Un autre homme a déclaré avoir été battu par la police alors qu’il assistait à l’arrestation d’une autre personne:
On m’a frappé dans le dos avec le canon d’un fusil et on m’a donné des coups de poing au visage. Ma bouche et mes yeux étaient tout contusionnés et en sang. J’ai eu la tête qui tournait et je suis tombé. Cinq membres de la police et de la BRIMOB ont immédiatement commencé à me donner des coups de pied. Ils portaient tous des uniformes officiels complets et des armes … J’étais à peine conscient lorsque cinq policiers m’ont fait monter dans la voiture. Pendant qu’ils m’emmenaient, ils m’ont frappé trois fois dans le dos avec la crosse de leurs fusils et ensuite, dans la voiture, j’ai été battu avec une matraque.
Human Rights Watch a adressé un courrier au chef de la police et au chef de l’armée en Papouasie, demandant des informations sur tous les cas décrits dans le rapport, mais aucune réponse ne lui est parvenue à ce jour.
Le manque d’imputabilité des responsabilités au niveau interne et le piètre fonctionnement du système judiciaire font qu’en Papouasie, l’impunité pour les auteurs d’exactions est la règle.
« Personne n’est poursuivi pour les crimes que nous avons décrits », a déploré Saunders. « La police agit comme si elle ne connaissait d’autre loi que la sienne ».
Les provinces indonésiennes de Papouasie et de Papouasie occidentale sont fermées aux observateurs extérieurs des droits humains. Les journalistes y ont un accès extrêmement limité. De nombreux diplomates ont confié à Human Rights Watch qu’ils avaient de la difficulté à appréhender la situation dans ces provinces en raison du peu de reportages indépendants couvrant les conditions qui y règnent. Les informations fiables sur la région reculée des Hautes Terres du Centre sont encore plus difficiles à obtenir.

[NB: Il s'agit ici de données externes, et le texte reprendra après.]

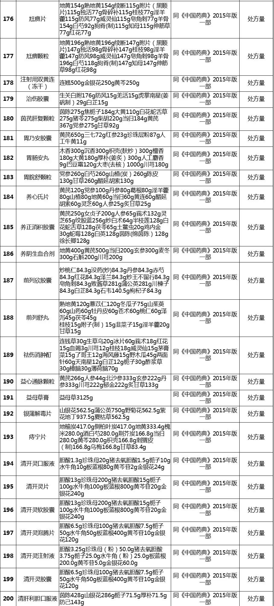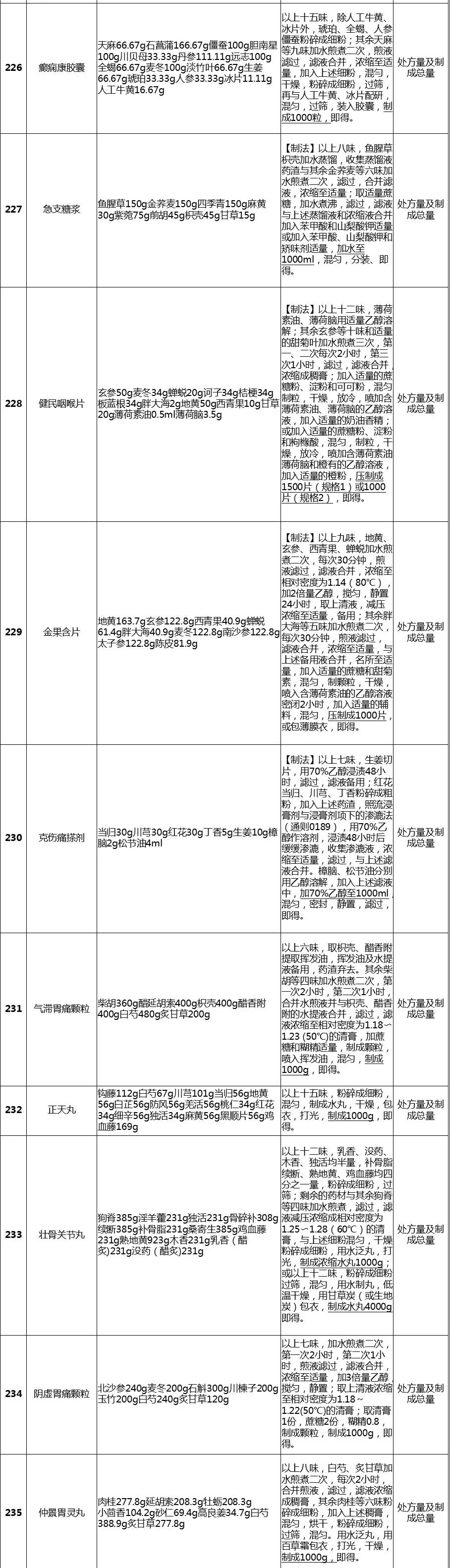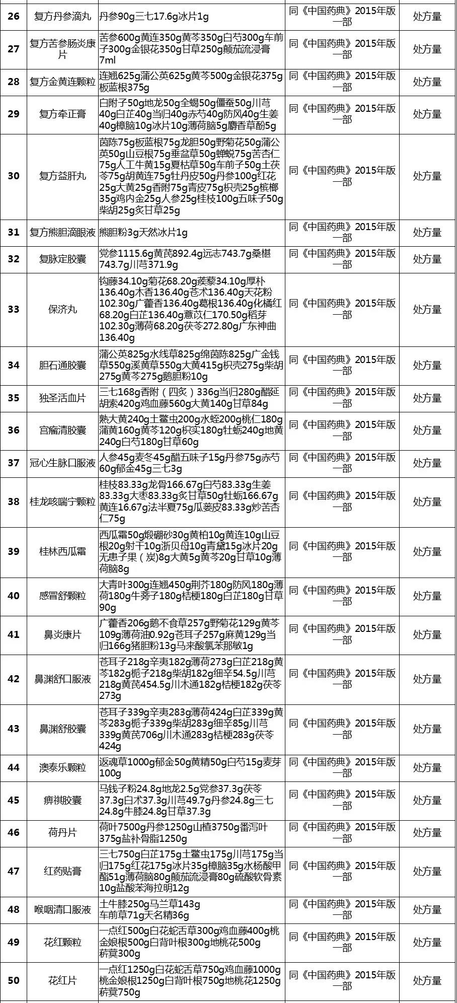 经梳理,该表共涉及255个中成药品种,除5个品种在2020版《中国药典》修订时已单独进行公示、2015年版《中国药典》【制法】中已包含处方量或不需要补充处方量外,其余250个品种均有新公开的处方量或制法的相关信息。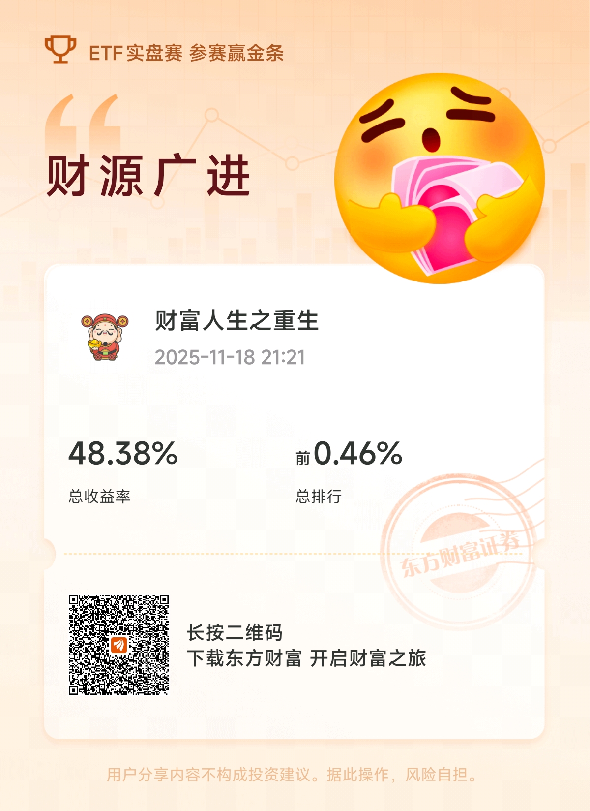 这是我的ETF实盘大赛战绩,欢迎友友前来PK!基基就是好!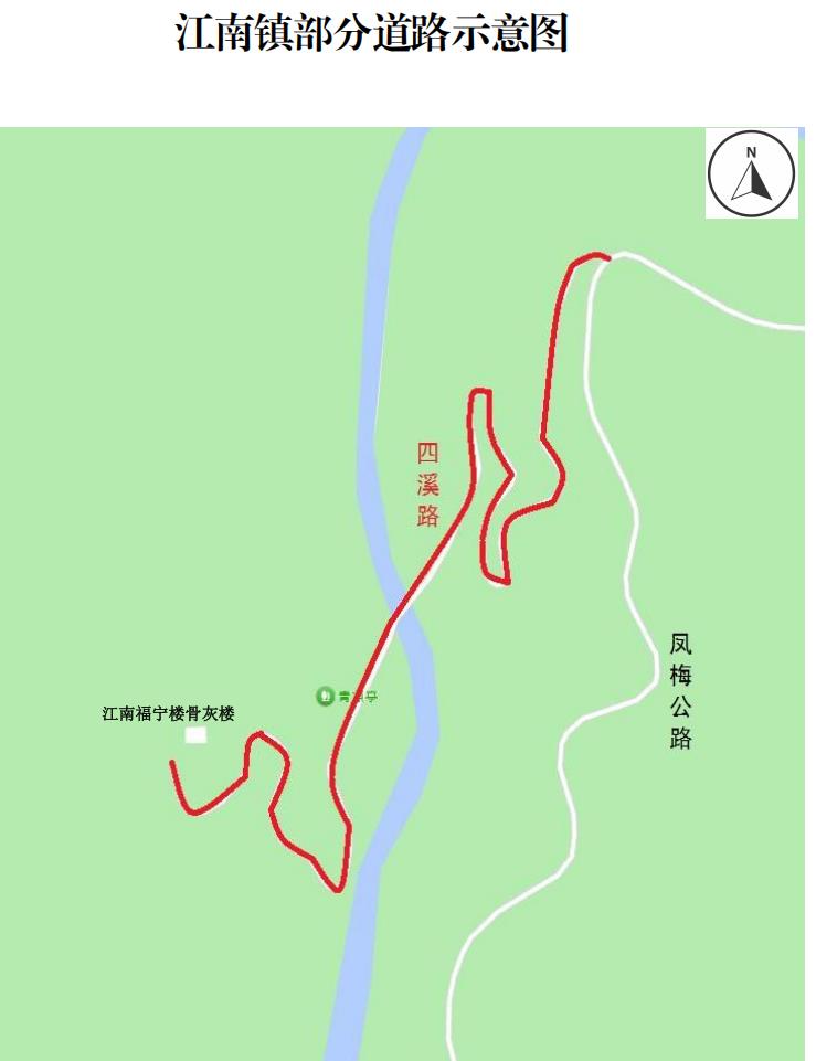 (三)四溪路(Sìxī Lù):东北起凤梅公路,西南至江南福宁楼骨灰楼,长约1100米,宽约4.5米。因道路所处位置在历史地名第四溪,命名为“四溪路”。

Human Rights Watch a appelé le gouvernement indonésien à ouvrir les provinces aux observateurs indépendants afin d’accroître la quantité et la qualité des informations relatives aux conditions existantes et de permettre la conduite d’enquêtes indépendantes et transparentes.
« En maintenant la région fermée à tout contrôle extérieur, les responsables à Djakarta reçoivent des comptes rendus déformés et partiaux de ce qui s’y passe », a expliqué Saunders. « Si les autorités ont réellement le souci de mettre le doigt sur les problèmes et de dégager des solutions durables, il est essentiel que les informations soient fiables ».

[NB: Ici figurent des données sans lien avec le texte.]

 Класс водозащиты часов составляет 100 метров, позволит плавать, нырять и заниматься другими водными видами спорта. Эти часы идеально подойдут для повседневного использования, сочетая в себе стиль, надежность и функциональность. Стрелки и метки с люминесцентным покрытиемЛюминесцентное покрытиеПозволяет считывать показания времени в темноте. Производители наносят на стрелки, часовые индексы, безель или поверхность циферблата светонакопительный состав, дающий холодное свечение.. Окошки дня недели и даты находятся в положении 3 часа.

Pendant des années, la région des Hautes Terres du Centre a été le théâtre de confrontations souvent intenses entre les unités de la police et de l’armée indonésiennes et les petites cellules de guérilleros de l’Organisation pour la libération de la Papouasie (Organisasi Papua Merdeka, ou OPM). La guérilla indépendantiste a mené des attaques armées répétées de faible intensité contre les forces de sécurité indonésiennes, lesquelles continuent de procéder à des opérations de « nettoyage » dans les zones civiles, semant la peur et la panique et poussant de nombreux villageois à fuir leurs habitations.